Ask anyone going through infertility whether they’re focused on the past or the future and they’ll tell you:  no contest – the future.  It’s all about becoming a family, having a baby and getting on with happily-ever-after.

But is it really?

Ask yourself, “Am I forgetting what is behind?  Have I let go of the insensitive remarks, the thoughtless comments, the useless advice?  Have I stopped dwelling on the last test result?  The last ultrasound?  The last retrieval?  Am I done grieving the failed IVF?  The miscarriage?  The latest bad news?  Am I ready to move in the direction of hope again?”

Consider this excerpt from God Calling:

“A man on a march carries only what he needs for that march.  Would you pity him if you saw him bearing, too, the overwhelming weight of the worn-out shoes and uniforms of past marches and years?  And yet, in the mental and spiritual life, man does these things.”

I know when we were in the middle of our infertility struggle, I couldn’t step outside it long enough to observe myself objectively.  Had I been able to, I would’ve seen that I was marching forward… but looking back.  I was trudging along, bearing the increasingly overwhelming weight of every heartache, failure, disappointment and scrap of bad news from our infertility journey.
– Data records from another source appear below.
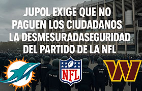 JUPOL denuncia el desmesurado despliegue policial para el partido de la NFL en el Bernabéu y exige que no sean los ciudadanos quienes paguen la seguridad de un evento privado y millonario. (Leer artículo) |
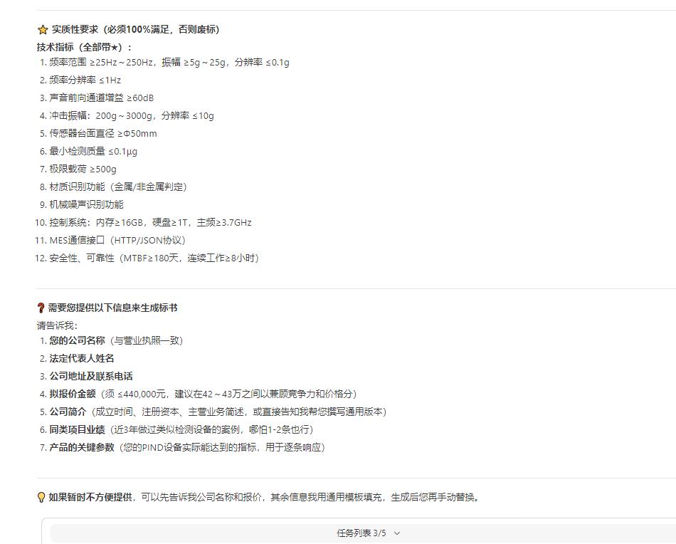 比如,同样是「声音前向通道增益≥60dB」,AI自动补充了:「我方采用低噪声前置放大器设计,增益可达65dB(典型值),信噪比满足精密检测需求。」——比原要求多出5dB的余量,让评委没有理由扣分。如下图5:
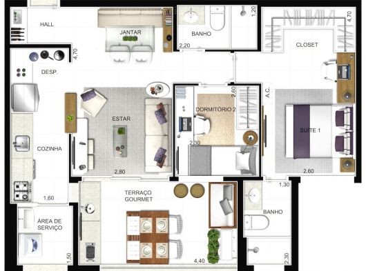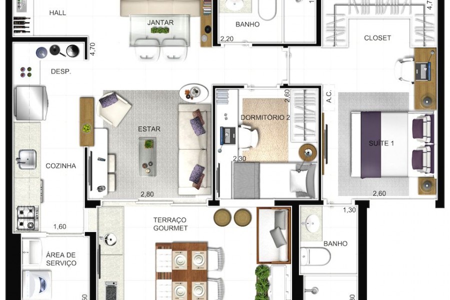 Infraestrutura de ar-condicionado na suíte principal dos apartamentos de 68m²

I probably would have told you I was honoring our past efforts by remembering them.  But the truth is, I was also rehearsing defeat.  Unconsciously preparing for more of the same.  Without realizing it, my thoughts were affecting my actions and my choices – which was affecting what unfolded before me.

That’s why Paul writes about forgetting what is behind and straining toward what is ahead.  If we release our grip on the past, and instead, lean into a future where we trust that God makes anything possible… anything truly becomes possible.  We don’t limit God with our fear.

How do we forget something so painful?  One definition of the word forget is to disregard intentionally or to overlook.   We have to intentionally disregard our past so that it doesn’t keep us from moving forward.  We have to let go of the old in order to embrace the new.

That “new” thing could be a new procedure, a new doctor, or a new reason to hope.  It could be a new perspective, a new sense of peace, or a new path to happily-ever-after.  Whatever it is, that new thing could make a big difference.

So, don’t deny what you’ve been through, but don’t let it determine what’s around the next corner.  Trust that God has a better future in store.   Trust that He’s working behind the scenes on your behalf.  And trust that letting go of the past can open the door to your future.